Despite a last gasp victory over Bayern Munich on Tuesday, for the third year out of four, Manchester City, the English Premier League Champions, are struggling to make it out of the group stage of the Champions League. The football fans amongst you will know that they have had unusually hard draws in these years. Still, you would expect the English Champions to be good enough to make it into the Top 16 teams in Europe, wouldn’t you?
What this shows is that getting a winning formula against the teams you play against each week in England is one thing. However, getting a winning formula against the best teams in Europe is a lot harder. And winning against the best is typically how success is judged.
Why are we talking about this? Well, we think there are a lot of parallels with the FMCG world. For a brand or product, winning was traditionally about winning against a narrowly defined competitive set. Other products like yours. If you are in the Tea category, did you beat other Teas? If you sold bread, did you have the best bread?
However, the rules of the game are changing. As categories continue to blur and as more products compete to serve similar consumer needs, it is no longer good enough to win against products that are just like yours. If you want to win in the Breakfast occasion, you have to compete against cereals, porridge pots, cereal bars, breakfast biscuits, yoghurt and fruit pots. Being a great cereal is no longer enough. You may beat other cereals, but can you compete and win in the Champions League of Breakfast products?

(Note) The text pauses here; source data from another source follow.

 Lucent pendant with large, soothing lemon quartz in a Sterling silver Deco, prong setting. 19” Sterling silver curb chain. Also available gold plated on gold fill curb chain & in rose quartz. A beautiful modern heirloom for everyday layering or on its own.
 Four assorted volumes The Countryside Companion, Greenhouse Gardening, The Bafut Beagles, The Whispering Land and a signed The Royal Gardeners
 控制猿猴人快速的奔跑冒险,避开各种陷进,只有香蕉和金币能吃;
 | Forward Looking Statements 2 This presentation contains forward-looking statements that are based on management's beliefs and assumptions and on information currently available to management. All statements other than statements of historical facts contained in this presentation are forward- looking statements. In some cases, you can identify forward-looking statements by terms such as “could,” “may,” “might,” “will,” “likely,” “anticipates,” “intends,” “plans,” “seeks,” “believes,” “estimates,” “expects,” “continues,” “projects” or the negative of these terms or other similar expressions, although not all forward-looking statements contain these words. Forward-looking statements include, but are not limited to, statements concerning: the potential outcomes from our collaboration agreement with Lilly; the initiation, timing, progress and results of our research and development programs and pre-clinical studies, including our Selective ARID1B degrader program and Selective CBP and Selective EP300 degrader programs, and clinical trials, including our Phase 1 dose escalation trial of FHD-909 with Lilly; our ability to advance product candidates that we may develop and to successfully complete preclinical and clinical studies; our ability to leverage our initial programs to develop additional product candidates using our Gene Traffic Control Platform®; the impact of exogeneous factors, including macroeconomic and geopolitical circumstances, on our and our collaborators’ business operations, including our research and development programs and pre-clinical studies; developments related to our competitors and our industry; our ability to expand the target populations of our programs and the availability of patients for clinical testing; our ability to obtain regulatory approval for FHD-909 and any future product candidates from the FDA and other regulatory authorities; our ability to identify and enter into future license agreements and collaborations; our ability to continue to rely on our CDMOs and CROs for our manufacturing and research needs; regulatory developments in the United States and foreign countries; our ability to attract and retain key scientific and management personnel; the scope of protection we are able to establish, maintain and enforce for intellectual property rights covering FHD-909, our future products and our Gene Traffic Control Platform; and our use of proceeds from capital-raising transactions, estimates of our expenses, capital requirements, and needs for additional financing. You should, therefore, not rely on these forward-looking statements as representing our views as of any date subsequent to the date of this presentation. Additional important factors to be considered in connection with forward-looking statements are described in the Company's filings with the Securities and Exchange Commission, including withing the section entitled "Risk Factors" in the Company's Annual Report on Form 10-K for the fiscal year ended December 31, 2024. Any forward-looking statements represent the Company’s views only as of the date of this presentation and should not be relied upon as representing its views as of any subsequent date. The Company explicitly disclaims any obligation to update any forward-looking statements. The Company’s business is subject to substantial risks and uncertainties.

So, how can you give yourself the best chance of competing and winning in your Champions League?
Deliver Superb Product Quality. Are you better than your wider competitive set? Do you better meet key consumer needs? For example, if you are looking to compete in the sweet treat area, can your product compete with the best that confectionery, biscuits and cakes have to offer? Do you set taste benchmarks against other products in your category or the wider, and true, competitive set?
Superior Product and Pack Formats. Do you have the most relevant and convenient product format or pack size for the need or occasion that you are targeting? For example, many categories are developing snacking formats. This is not just about developing a more convenient format of your current product. But whether your product format is more convenient, and easy to eat on the go, than the big boys – chocolate bars, crisps and so on.
Be the Best Solution. As our lives become busier and we have more choice than ever before, many shoppers are just looking for solutions. If you are a food, can you demonstrate that you are part of the best solution to the problem of what to have for dinner tonight? For many shoppers, the real question is “what will make a nice, easy dinner?” They are not deciding between between 7 types of potato, but whether potato, rice or pasta is part of the best solution.
An Advantaged and Ownable Proposition. Does your product have a reason to buy and use that other competing categories don’t? For instance, chilled juice can claim to be 1 of your 5 a day. Something that other products like tea, coffee, water, carbonated soft drinks, can’t. Identifying the benefit that you can own is a great advantage as you compete against a wider competitive set.
Clearly, it is a basic requirement to win in your category. If you don’t finish in the Top 4 in England, you don’t get into the Champions League in the first place. However, a big part of category growth is targeting new occasions and new consumer needs. When you do this, who you are competing against, and the rules for winning, change.
So, do you know who is in your Champions League group and do you know how to get out of it?